-----------------------------------------------------------
This is an automatically generated e-mail. To reply, visit:
http://review.cloudera.org/r/816/
-----------------------------------------------------------

(Updated 2010-09-24 00:01:53.015127)


Review request for hbase, Andrew Purtell and Jonathan Gray.


Changes
-------

Changes since last:
- HTable.BatchCall and HTable.BatchCallback moved to Batch.Call and 
Batch.Callback
- added Batch.returning() factory method for generating common Batch.Call 
instances
- o.a.h.h.client.Exec now extends o.a.h.h.ipc.Invocation since there was quite 
a bit of overlap


To go into more detail about client usage, let me start with a slightly more 
applicable case for an exported CoprocessorProtocol (taken from the HBASE-2001 
patch).  Suppose a user creates a coprocessor that returns simple stats for the 
rows and key values in a region.  First the coprocessor would define an RPC 
interface:

  public interface CountProtocol extends CoprocessorProtocol {
    public long getRowCount();
    public long getRowCount(Filter filt);
    public long getKeyValueCount();
  }

The coprocessor code would implement this interface and either use the region 
coprocessor hooks to track state or to scan the data directly (we can happily 
ignore the details).

When the coprocessor is loaded with the region, the coprocessor framework 
identifies that the code implements a CoprocessorProtocol and automatically 
registers it with the region (see HRegion.registerProtocol()).

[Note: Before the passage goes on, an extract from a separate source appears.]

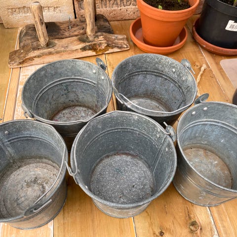 Nydelig sett kjøpt på Kremmerhuset. Har blitt brukt ute i hagestua, så noen få bruksmerker er å se, spesielt på den store krukka (se bilde). Settet kostet samla ca kr 2000. Selger det nå samlet for kr 950,-

So we then need a way for clients to use a standard set of calls to invoke 
these registered protocols, when we know nothing about the details of the 
protocols themselves.  I looked at two options:


Option 1) Use a ioctl-type interface, passing the desired protocol class, 
method name (or code), and an optional list of arguments (in some cases we 
might also need the list of class types for the arguments).  Lookup the method 
in the protocol class based on the arguments or argument types if available, 
then batch the call to the server and return the result.  In this case, the 
client code might be:

  HTable table = new HTable("mytable");
  List<Row> rows = ...rows for regions to query...
  Invocation call = new Invocation(CountProtocol.class, "getRowCount");
  Map<byte[],Long> results = table.exec(rows, call);

This works alright for a basic method call, but there's no verification that 
the method exists or can be called with the given arguments until runtime.  In 
addition, if we want to make multiple method calls, we have to instantiate 
additional Invocation instances.  And if we want to tie those results together 
by region, we would need to do so by cross referencing the results in multiple 
maps.


Option 2) Expose a dynamic proxy of the protocol interface directly to the 
client code.  In this case, the client can directly call methods on the proxy, 
with compile time checking and readability as normal code, not deconstructed 
methods.  The Batch.Call interface allows the user to implement the client 
calls against a proxy instance we hand back.  As an optimization for the simple 
case from (1) we have a factory method to do the same thing with defining your 
own anonymous class:

  HTable table = new HTable("mytable");
  List<Row> rows = ...rows for regions to query...
  Batch.Call<CountProtocol,Long> call = Batch.returning(CountProtocol.class, 
"getRowCount");
  Map<byte[],Long> results = table.exec(CountProtocol.class, rows, call);

However, if you want to combine multiple calls to the same region or do some 
manipulation of the results, an anonymous class may be more useful:

  HTable table = new HTable("mytable");
  List<Row> rows = ...rows for regions to query...
  // combine row count and kv count for region
  Map<byte[],Pair<Long,Long>> results = table.exec(CountProtocol.class, rows,
      new Batch.Call<CountProtocol,Pair<Long,Long>>() {
        public Pair<Long,Long> call(CountProtocol counter) {
          return new Pair(counter.getRowCount(), counter.getKeyValueCount());
        }
      });

  // or return the average number of KVs per row
  Map<byte[],Double> results = table.exec(CountProtocol.class, rows,
      new Batch.Call<CountProtocol,Double>() {
        public Double call(CountProtocol counter) {
          return ((double)counter.getKeyValueCount()) / 
((double)counter.getRowCount());
        }
      });


The anonymous class does make for more annoying boilerplate in Java, but I 
think the usage of the CountProtocol interface is actually more 
straightforward.  And since the user code is executed together per-region, 
there's no need to manually stitch together region results from multiple method 
calls.  So despite the additional brace-noise, I think the proxied approach 
allow for a lot more client flexibility and cleaner code in terms of the calls 
and manipulations going on.

For some other examples see the 
org.apache.hadoop.hbase.regionserver.TestServerCustomProtocol test case, or the 
TestCommandTarget test case in the HBASE-2001 patch up for review.


Summary
-------

This is really two separate patches in one, though with some overlapping 
changes.  If necessary I can split them apart for separate review.  Please let 
me know if that would make review easier.

Part 1:
==============
Port over of HADOOP-6422 to the HBase RPC code.  The goal of this change is to 
allow alternate RPC client/server implementations to be enabled through a 
simple configuration change.  Ultimately I would like to use this to allow 
secure RPC to be enabled through configuration, while not blocking normal 
(current) RPC operation on non-secure Hadoop versions.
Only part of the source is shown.